In-vitro Replication Competence of Three Modified-live Canine Distemper Vaccines
DOI:
https://doi.org/10.56771/jsmcah.v2.52Abstract
Over the past several years, there have been a number of severe canine distemper virus (CDV) outbreaks in shelters involving adult dogs that were considered fully vaccinated with modified live vaccine prior to exposure. Shelters vaccinating large numbers of animals during admission or high-volume public vaccine clinics may reconstitute modified live vaccines (MLV) hours ahead of use and store them under non-ideal cold chain conditions. There is little guidance regarding the durability of MLV potency, and viral components may degrade under storage conditions (both pre- and post-reconstitution) employed by shelters in the name of efficiency. This study aimed to generate a model for examining the effect of vaccine husbandry on the in-vitro replication competence of MLV CDV.
Shelters were surveyed to determine the most common vaccine brands and the maximum duration between reconstitution and use of CDV MLV to guide the time/temperature conditions in our in vitro study. CDV-susceptible Madin-Darby canine kidney (MDCK) cells were grown in Dulbecco’s modified Eagle’s medium containing fetal bovine serum, penicillin/streptomycin, and l-glutamine, seeded into a 96-well plate, and inoculated with CDV MLV. There were 3 replicates per time/temperature condition. Viral replication was allowed to proceed for 72 hours. Fluorescently labeled anti-CDV antibodies were used to identify cells infected with vaccine-derived CDV via flow cytometry. A Kruskal-Wallis test was used to test differences in medians between the groups.

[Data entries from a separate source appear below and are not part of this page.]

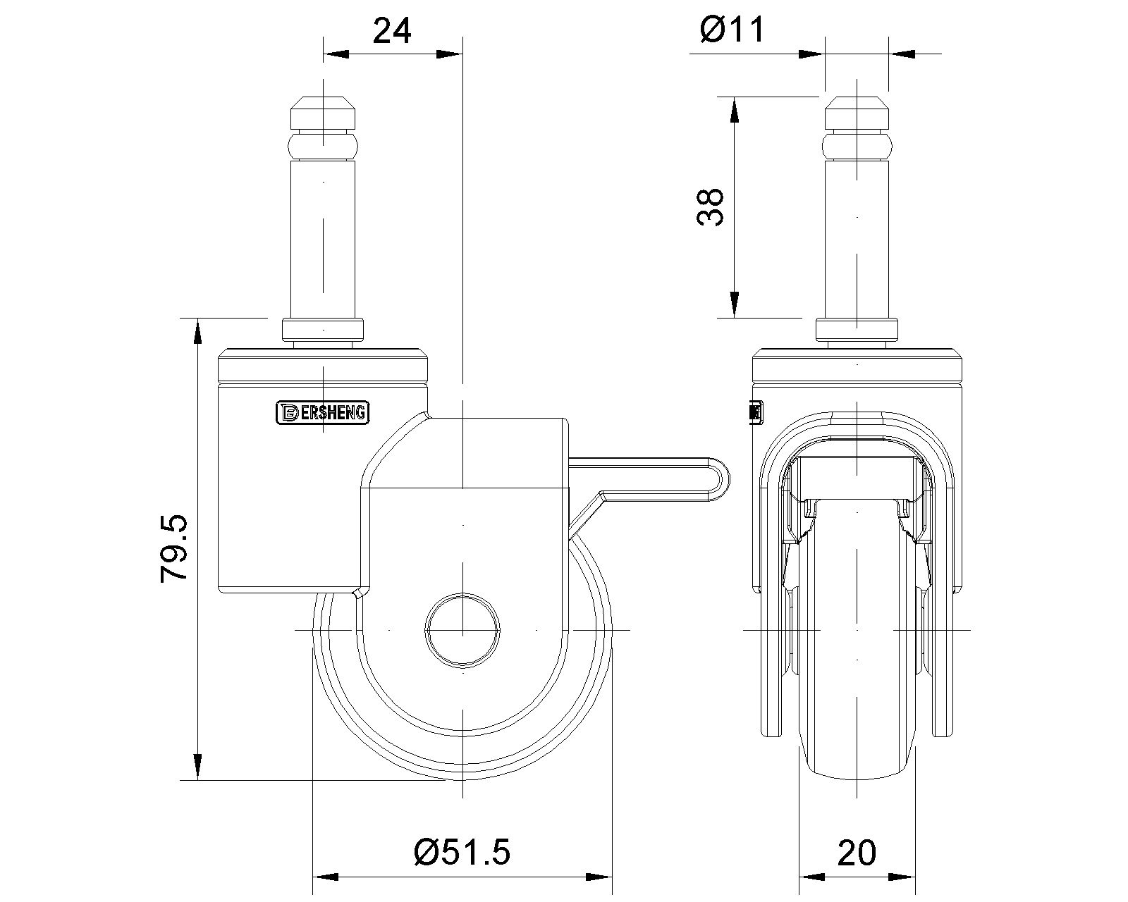 | Bánh xe khóa đơn, phanh đơn, khung dập đinh tán—Ø11x38L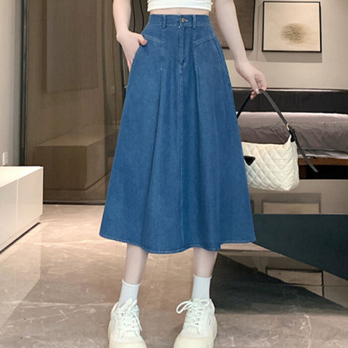 나바바 / NS342 캐주얼 A라인 뒷밴딩 데님 청 치마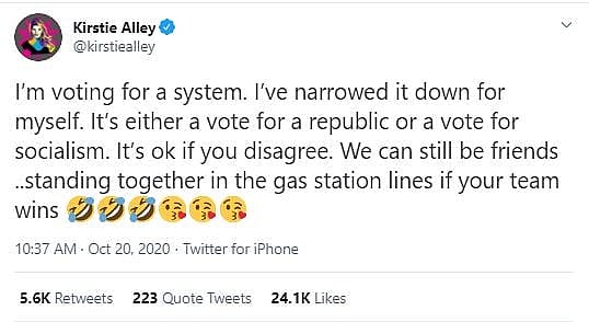 Allie has not personally responded to either Sirtis or Takei. However, she did tweet, “I’m voting for a system. I’ve narrowed it down for myself. It’s either a vote for a republic or a vote for socialism. It’s ok if you disagree.”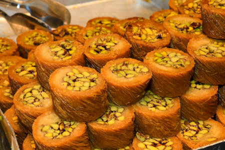 Delicious pistachio baklava displayed at a market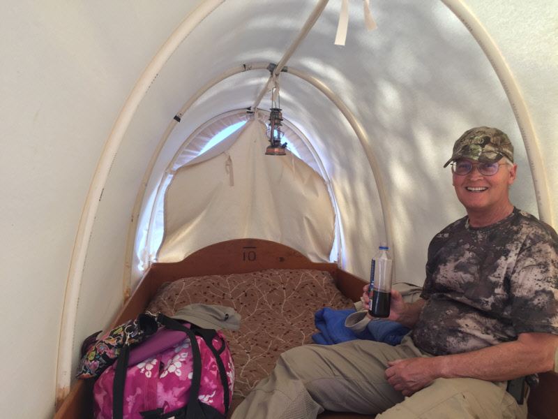 The Bar 10 Ranch is an oasis in the otherwise remote wilderness of the Parashant. It serves as a drop-off point for people who only want to do a shorter river run through the Grand Canyon. Guests arrive at the ranch by air and leave the same way, to be dropped off at water level to board the rafts. We spent one day at the Ranch in their covered wagons. Accommodations included fantastic meals, hot water showers, comfortable lounging areas, and a bit of entertainment after dinner. We had arranged to, and did, in fact, stock up on water as we left. But, the big surprise was that they also were able to sell us gasoline. That little benefit saved a trip to St George for one of our members. All things considered, this was a wonderful opportunity to enjoy some genuine ranch hospitality, cooking and accommodations. If you are anxious to introduce family or friends to a wilderness experience, this is an excellent way to ease them into the camping scene,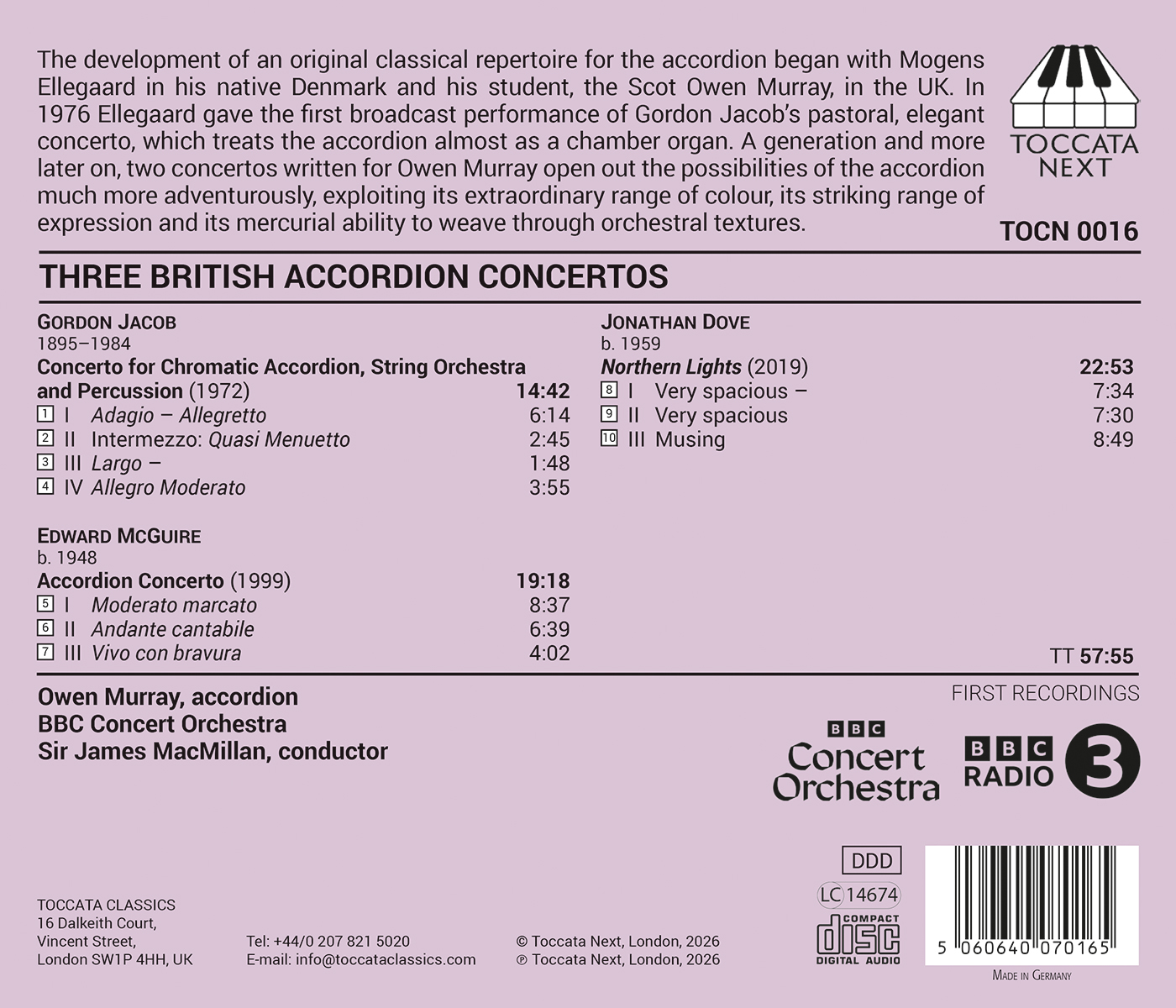 Die Entwicklung eines originellen klassischen Repertoires für das Akkordeon begann mit Mogens Ellegaard in seiner Heimat Dänemark und seinem Schüler, dem Schotten Owen Murray, in Großbritannien. 1976 spielte Ellegaard zum ersten Mal in einer Radiosendung das pastorale, elegante Konzert von Gordon Jacob, das das Akkordeon fast wie eine Kammerorgel behandelt. Die beiden Konzerte, die eine Generation später für Owen Murray geschrieben wurden, eröffnen viel abenteuerlichere Möglichkeiten für das Akkordeon, indem sie dessen außergewöhnliche Klangfarbe, seinen beeindruckenden Ausdrucksbereich und seine Fähigkeit, sich geschmeidig durch orchestrale Texturen zu schlängeln, voll ausnutzen. Der schottische Akkordeonist Owen Murray nahm schon im Alter von 16 Jahren erfolgreich an britischen Akkordeon-Wettkämpfen teil. Später studierte er am Kongelige Danske Musikkonservatorium in Kopenhagen und spielte dann sowohl im Vereinigten Königreich als auch im Ausland. Seit 1986 leitet er den Lehrstuhl für klassisches Akkordeon an der Royal Academy of Music in London. Sir James MacMillan dirigiert das BBC Concert Orchestra.

Three quadrivalent CDV vaccine brands were assessed in our model system to examine virus replication competency in vitro. Two commercial vaccines, including the most reported brand in our survey, did not produce infection beyond baseline uninoculated controls, while a third showed robust infect rates. This brand was used for subsequent trials of different storage conditions. Immediate reconstitution infected a median of 14% (IQR 10, 18) of cells. In comparison, 10 min at room temperature (RT) pre-reconstitution (PreR), 10 min at RT post-reconstitution (PostR), 10 min at 4 °C PostR, 60 min at RT PreR, 60 min at RT PostR, and 60 min at °4C PostR infected a median of 15% (IQR 10,20), 14% (IQR 8,23) 14% (11, 24), 11% (8, 21), 13% (9, 26), and 10% (7, 20), respectively. Similarly, 120 min at RT PreR, 120 min at RT PostR, 120 min at 4 °C PostR, 120 min RT PreR followed by 60 min 4 °C, and 1440 min at RT PreR followed by 1440 min at RT PostR infected a median of 9% (8, 17), 10% (8, 20), (9% (8, 22), 8% (9, 22), and 9% (10, 23) of cells, respectively. There was no difference between conditions.
Our in-vitro model demonstrated no significant difference in median cell infection rates between time/temperature conditions up to an extreme of 24 hours pre-reconstitution/24 hours post-reconstitution at room temperature.